Re: Spark+Ignite SQL syntax proposal

dmagda
I tend to agree with Val that key-value support seems excessive. My suggestion is to consider Ignite as a SQL database for this specific integration implementing only relevant functionality.


Denis

> On Oct 5, 2017, at 5:41 PM, Valentin Kulichenko <[hidden email]> wrote:
>
> Nikolay,
>
> I don't think we need this, especially with this kind of syntax which is
> very confusing. Main use case for data frames is SQL, so let's concentrate
> on it. We should use Ignite's SQL engine capabilities as much as possible.
> If we see other use cases down the road, we can always support them.
>
> -Val
>
> On Thu, Oct 5, 2017 at 10:57 AM, Николай Ижиков <[hidden email]>
> wrote:
>
>> Hello, Valentin.
>>
>> I implemented the ability to make Spark SQL Queries for both:
>>
>> 1.  Ignite SQL Table.
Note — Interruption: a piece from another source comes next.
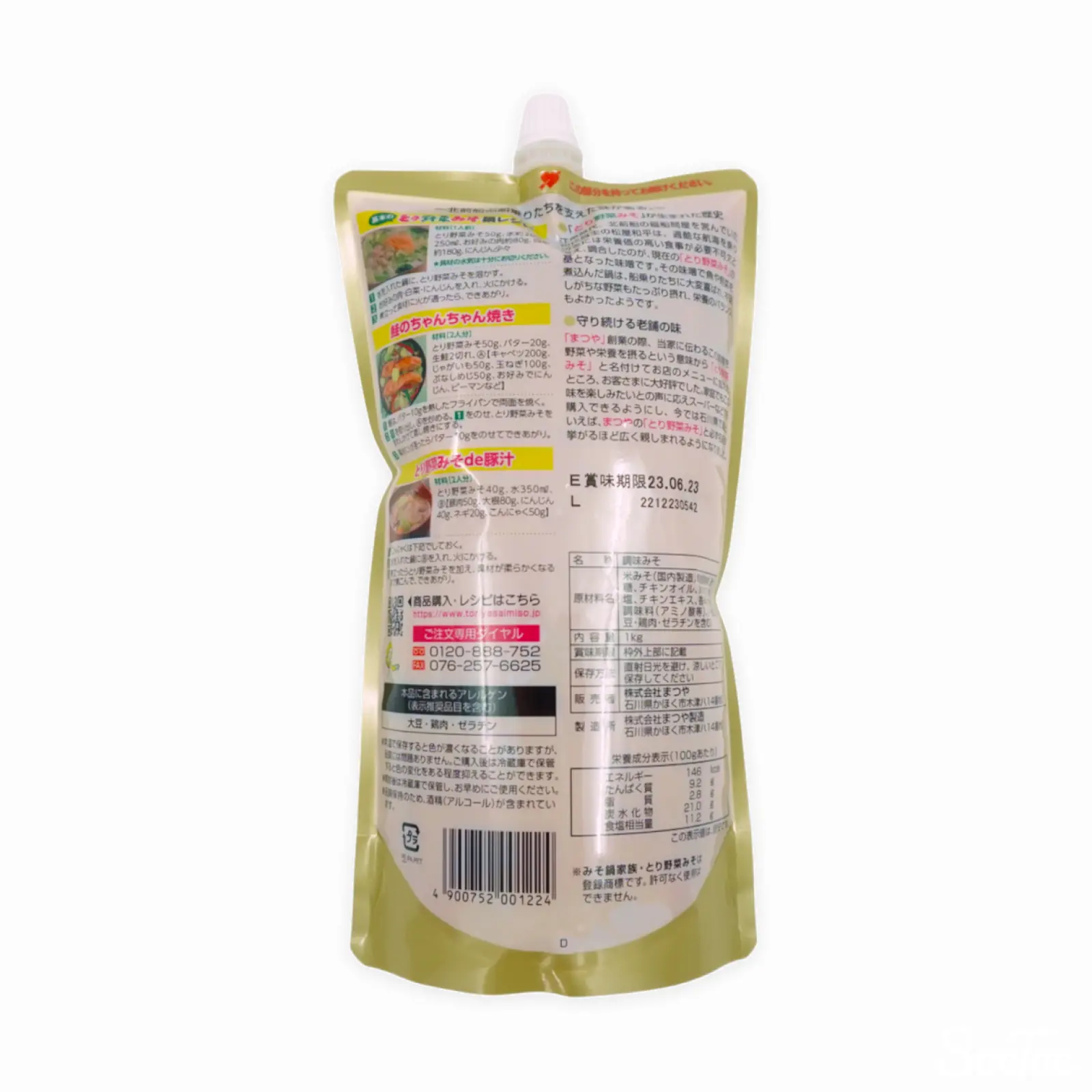 石川県まつやより、味噌調味料のとり野菜みそ1kgのパックです。野菜に大変よく合い、鍋のほか各種味噌の汁物にお使いいただけます。

Internally table described by QueryEntity with meta
>> information about data.
>> 2.  Key-Value cache - regular Ignite cache without meta information about
>> stored data.
>>
>> In the second case, we have to know which types cache stores.
>> So for this case, I propose use syntax I describe
>>
>>
>> 2017-10-05 20:45 GMT+03:00 Valentin Kulichenko <
>> [hidden email]>:
>>
>>> Nikolay,
>>>
>>> I don't understand. Why do we require to provide key and value types in
>>> SQL? What is the issue you're trying to solve with this syntax?
>>>
>>> -Val
>>>
>>> On Thu, Oct 5, 2017 at 7:05 AM, Николай Ижиков <[hidden email]>
>>> wrote:
>>>
>>>> Hello, guys.
>>>>
>>>> I’m working on IGNITE-3084 [1] “Spark Data Frames Support in Apache
>>> Ignite”
>>>> and have a proposal to discuss.
>>>>
>>>> I want to provide a consistent way to query Ignite key-value caches
>> from
>>>> Spark SQL engine.
>>>>
>>>> To implement it I have to determine java class for the key and value.
>>>> It required for calculating schema for a Spark Data Frame.
>>>> As far as I know, there is no meta information for key-value cache in
>>>> Ignite for now.
>>>>
>>>> If a regular data source is used, a user can provide key class and
>> value
>>>> class throw options. Example:
>>>>
>>>> ```
>>>> val df = spark.read
>>>>  .format(IGNITE)
>>>>  .option("config", CONFIG)
>>>>  .option("cache", CACHE_NAME)
>>>>  .option("keyClass", "java.lang.Long")
>>>>  .option("valueClass", "java.lang.String")
>>>>  .load()
>>>>
>>>> df.printSchema()
>>>>
>>>> df.createOrReplaceTempView("testCache")
>>>>
>>>> val igniteDF = spark.sql("SELECT key, value FROM testCache WHERE key
>>> = 2
>>>> AND value like '%0'")
>>>> ```
>>>>
>>>> But If we use Ignite implementation of Spark catalog we don’t want to
>>>> register existing caches by hand.
>>>> Anton Vinogradov proposes syntax that I personally like very much:
>>>>
>>>> *Let’s use following table name for a key-value cache -
>>>> `cacheName[keyClass,valueClass]`*
>>>>
>>>> Example:
>>>>
>>>> ```
>>>> val df3 = igniteSession.sql("SELECT * FROM
>>>> `testCache[java.lang.Integer,java.lang.String]` WHERE key % 2 = 0")
>>>>
>>>> df3.printSchema()
>>>>
>>>> df3.show()
>>>> ```
>>>>
>>>> Thoughts?
>>>>
>>>> [1] https://issues.apache.org/jira/browse/IGNITE-3084
>>>>
>>>> --
>>>> Nikolay Izhikov
>>>> [hidden email]
>>>>
>>>
>>
>>
>>
>> --
>> Nikolay Izhikov
>> [hidden email]
>>

Reply | Threaded
Open this post in threaded view
|

Re: Spark+Ignite SQL syntax proposal

Nikolay Izhikov
Ok. Got it. Will remove key value support from catalog.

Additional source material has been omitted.